Always working on the next bit. In the Greenroom
Do you have any aspirations beyond comedy?
Yes, I love acting, and we saw small success with the theatre company, but I want to start moving ahead there as well. Guys like Ricky Gervais, Henry Winkler, and Adam Sandler have the best business and art minds. They produce their own stuff and do not depend on people in the business to approve their work. I would love to follow in their footsteps. With theatre and film and on the producing side as well as artistic.

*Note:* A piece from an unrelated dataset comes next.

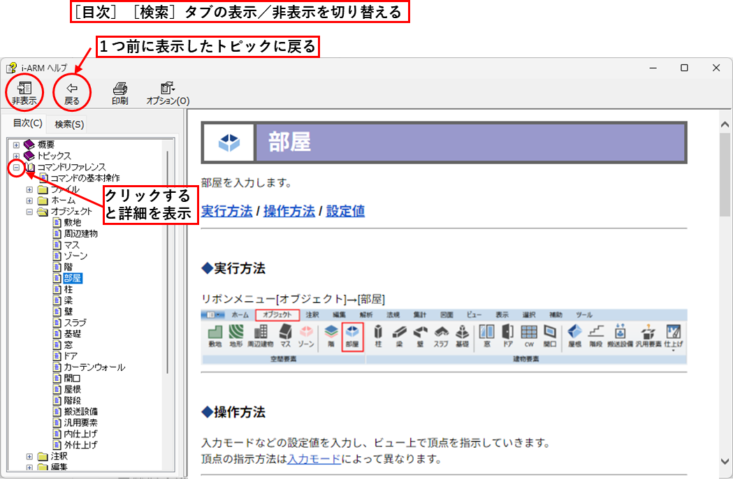 左側に表示される目次から参照したい項目をクリックすると、解説が表示されます。

What was it like growing up in Brookfield? Did you perform locally?
It was a great place to grow up, everything about small-town living is excellent. I had a chance to grow up and be part of everything, from sports to acting.










Opening For Ronnies Band


Did your parents encourage you (and Ronnie)? Do you have other siblings? Are your parents creative?
Yes, you couldn't ask for more support. In fact, when I mentioned to my parents, I wanted to pursue acting they helped me find the best schools to try out for
Later, when I announced I wanted to be a comic, they couldn't wait to see me do it.

Storytelling






















Mark Riccadonna, I play a comic in real life.

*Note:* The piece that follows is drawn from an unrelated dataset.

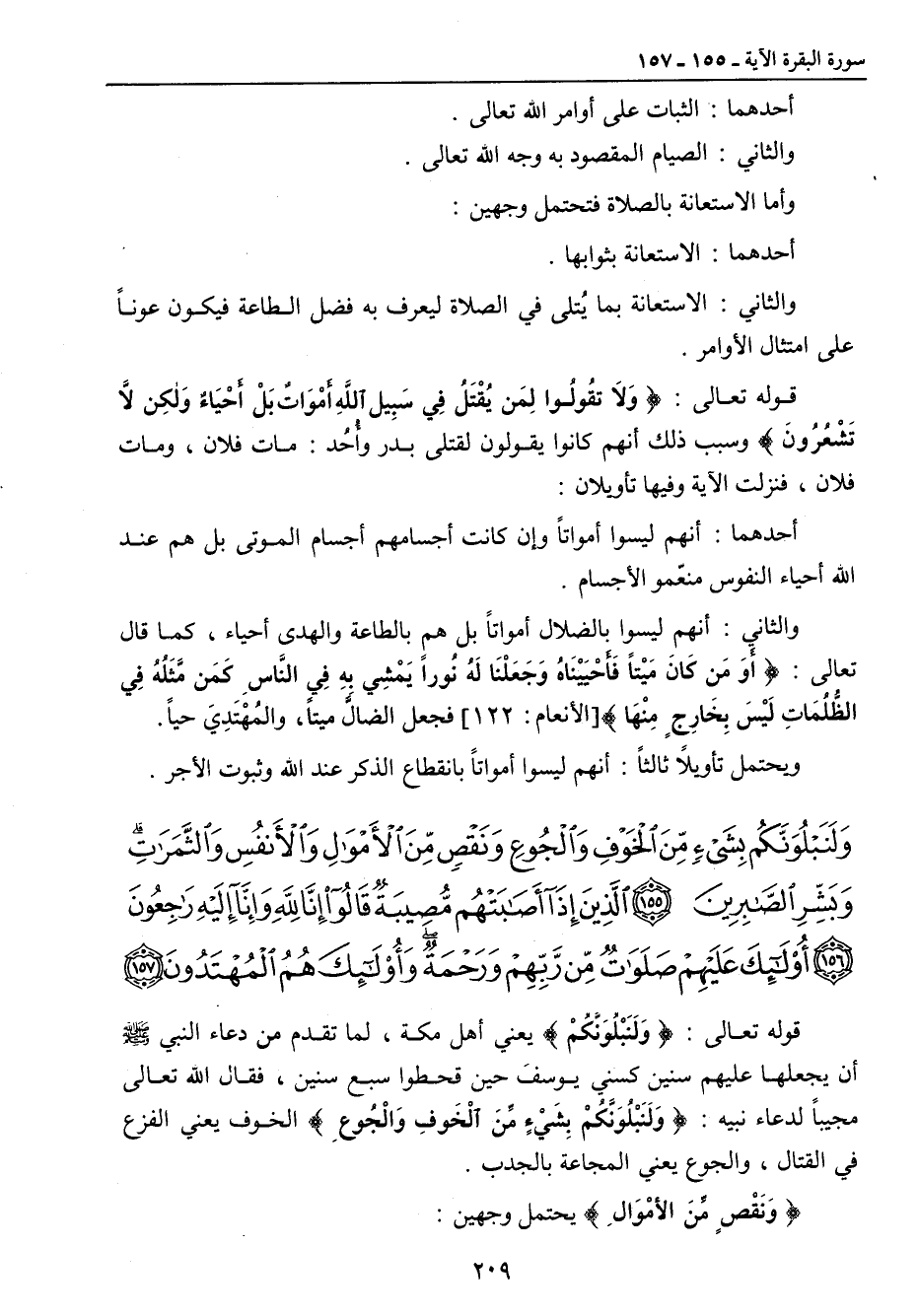 أحدهما: الثبات على أوامر الله تعالى. والثاني: الصيام المقصود به وجه الله تعالى. وأما الاستعانة بالصلاة فتحتمل وجهين: أحدهما: الاستعانة بثوابها. والثاني: الاستعانة بما يُتلى في الصلاة ليعرف به فضل الطاعة فيكون عوناً على امتثال الأوامر. قوله تعالى: {وَلاَ تَقُولُوا لِمَن يُقْتَلُ في سَبِيلِ اللهِ أَمْوَتٌ بَلْ أَحْيَآءٌ وَلَكِن لاَّ تَشْعُرُونَ} وسبب ذلك أنهم كانوا يقولون لقتلى بدر وأُحُد: مات فلان , ومات فلان , فنزلت الآية وفيها تأويلان: أحدهما: أنهم ليسوا أمواتاً وإن كانت أجسامهم أجسام الموتى بل هم عند الله أحياء النفوس منعّمو الأجسام. والثاني: أنهم ليسوا بالضلال أمواتاً بل هم بالطاعة والهدى أحياء , كما قال تعالى: {أَوَ مَن كَانَ مَيْتاً فَأَحْيَيْنَاهُ وَجَعَلْنَا لَهُ نُوراً يَمْشِي بِهِ في النَّاسِ كَمَن مَّثَلُهُ في الظُّلُمَاتِ لَيْسَ بِخَارِجٍ مِنْهَا} [الأنعام: 122] فجعل الضالَّ ميتاً , والمُهْتَدي حياً. ويحتمل تأويلاً ثالثاً: أنهم ليسوا أمواتاً بانقطاع الذكر عند الله وثبوت الأجر.

What about being a comedian appeals to you?
There is a lot of fulfillment in performing and getting an immediate response, especially when I went overseas and got to do shows for the military. Giving them a slice of home, you really feel the appreciation from them. I hope to continue traveling base to base around the world, telling stories and making new ones. Because of comedy, I have got the chance to do and see amazing things. This year alone, I've had the opportunity to go to Kuwait, Iraq, Germany, Netherlands, Kosovo, Singapore, Guam,  Diego Garcia, China, Japan, The Marshall Islands, Micronesia, Honduras, El Salvador and all over America. I get to see stuff most people don't get to see without being in the military, and I don't have to do pushups. I love the life experiences I have had and appreciate it every day.



Can you describe the difficulties of "making it" in the entertainment industry?
 
Its cliché on what making it in an entertainment field is, but I feel like it's going in the right direction. Slowly and steadily chugging forward, if you move to fast, you may not appreciate the fight and the wins. I am fortunate that I can make a living being creative, working with the troops with Armed Forces Entertainment. Still, the proudest personal goals, was when the Broadway Company I am in (The Amoralists) made the cover of the Arts section of the Sunday New York Times. ( http://theater.nytimes.com/2010/03/16/theater/reviews/16happy.html ) and The Approval Matrix section of New York Magazine where we were Highbrow and Brilliant (http://nymag.com/arts/all/approvalmatrix/65231/) when we were in "Happy in the Poorhouse." It took 10 years of rejection, losing money, bad decisions, and working in front of zero audiences to get to be called lucky and auspicious. The sad part, it IS luck that it's only been 10 years.
If you get in this industry and expect it to just happen, it's probably not. You may find commercial success, but you never put up the fight, gained experience to become a seasoned artist. Time is a friend, enemy, necessary, and the thing that drives us crazy. Putting in the time and not knowing what will work makes this hard.

Great memory oversea's:
So.. Going oversea's with Kevin, more specifically The South Pacific, I knew there was going to be hijinx.
I knew this was happening, and I knew the pranks were going to step up a notch. We usually just get the other one to look at our balls unexpectedly. We call that Monkey brain belt buckle.
But why we were in The South Pacific, we decided this is war.
Kevin started the trip by crop dusting the airplane while over the pacific.- a crop dusting is passing gas while in motion - the goal: to get everyone on a delay after you walked passed and "the victims" not know it was you and immediately blame each other.
I decided to start a new game called "Pearl Harboring." While in the south pacific, we stayed in hot huts with no AC. Right before we would leave for the day- I would sneak in Kevin's window go in the bathroom and lay logs that would make Lincoln jealous... Just imagine the type of food you eat while being on tiny atolls in the pacific... oh yea remember- Don't flush let it sit in that 100 something degree humidity and fester and mutate in the room all day.